YOUR GOAL >>
Output everything in the data exactly, leaving the pictures out.

DATA >>
★ ★ ★

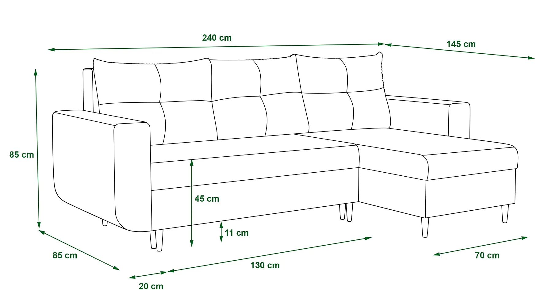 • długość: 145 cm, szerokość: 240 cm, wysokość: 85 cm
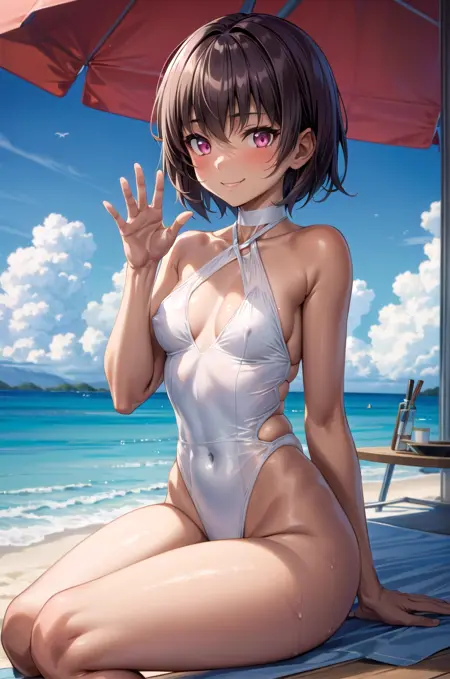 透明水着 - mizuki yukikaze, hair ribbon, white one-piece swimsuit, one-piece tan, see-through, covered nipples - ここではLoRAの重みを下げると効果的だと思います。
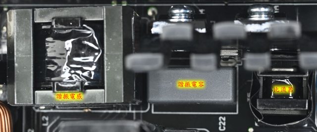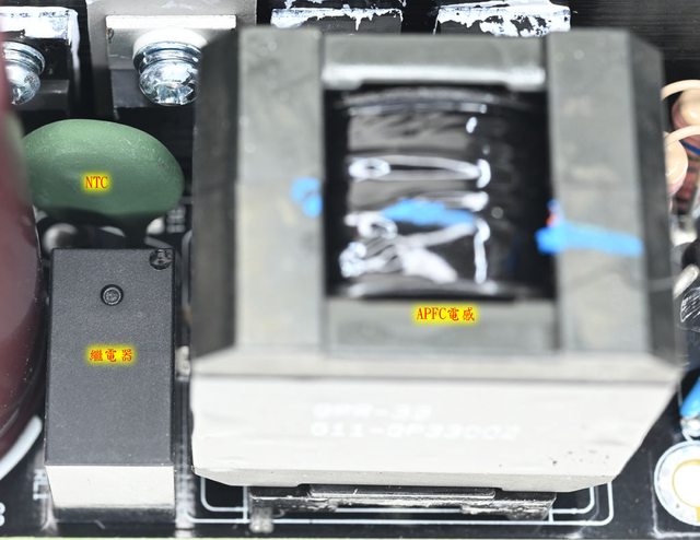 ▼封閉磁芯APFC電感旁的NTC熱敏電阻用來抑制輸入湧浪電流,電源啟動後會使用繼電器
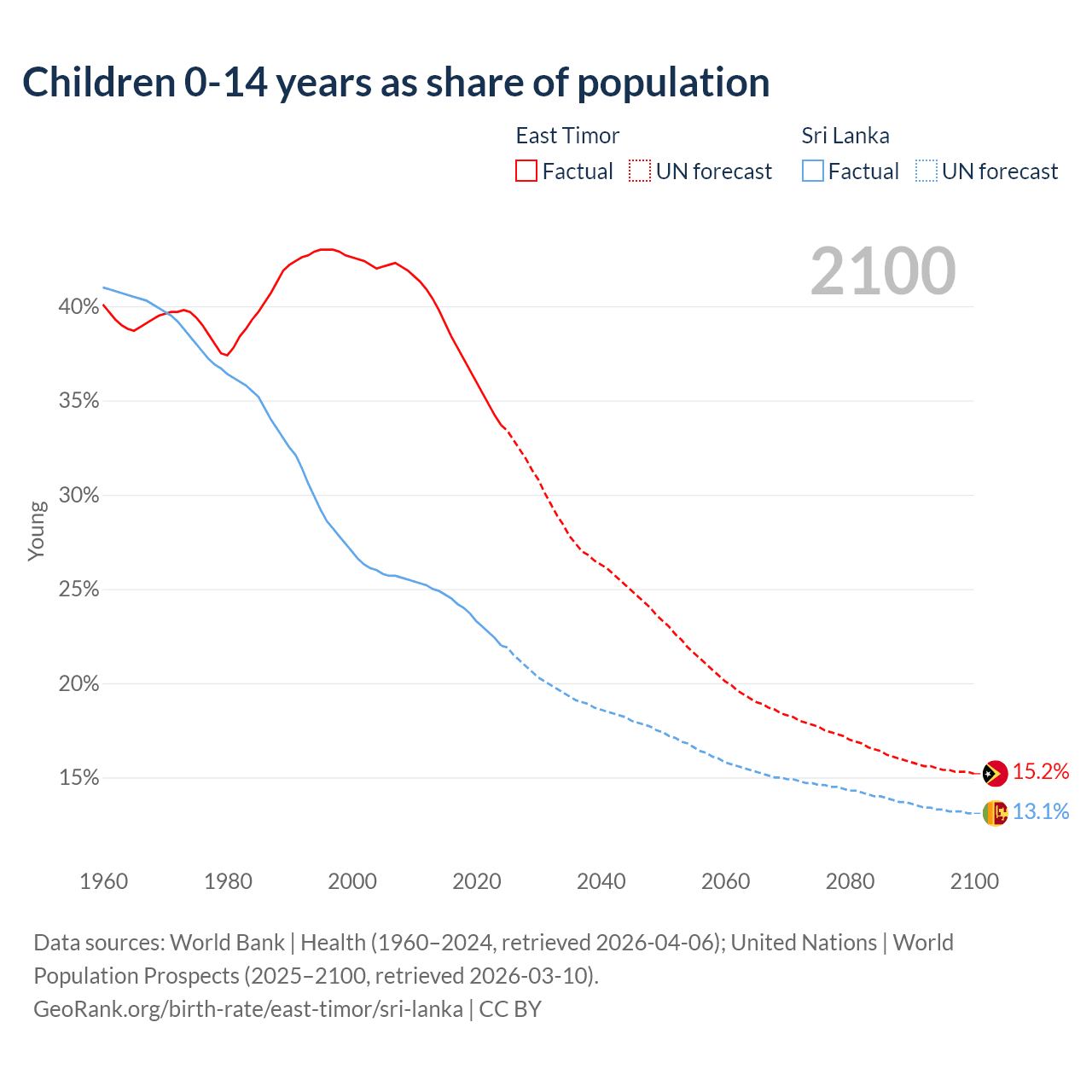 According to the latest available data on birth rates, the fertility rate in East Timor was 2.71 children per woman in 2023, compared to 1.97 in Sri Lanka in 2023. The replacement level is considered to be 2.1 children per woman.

★ ★ ★

RESULT BELOW >>
 • długość: 145 cm, szerokość: 240 cm, wysokość: 85 cm
 透明水着 - mizuki yukikaze, hair ribbon, white one-piece swimsuit, one-piece tan, see-through, covered nipples - ここではLoRAの重みを下げると効果的だと思います。
 ▼封閉磁芯APFC電感旁的NTC熱敏電阻用來抑制輸入湧浪電流,電源啟動後會使用繼電器
 According to the latest available data on birth rates, the fertility rate in East Timor was 2.71 children per woman in 2023, compared to 1.97 in Sri Lanka in 2023. The replacement level is considered to be 2.1 children per woman.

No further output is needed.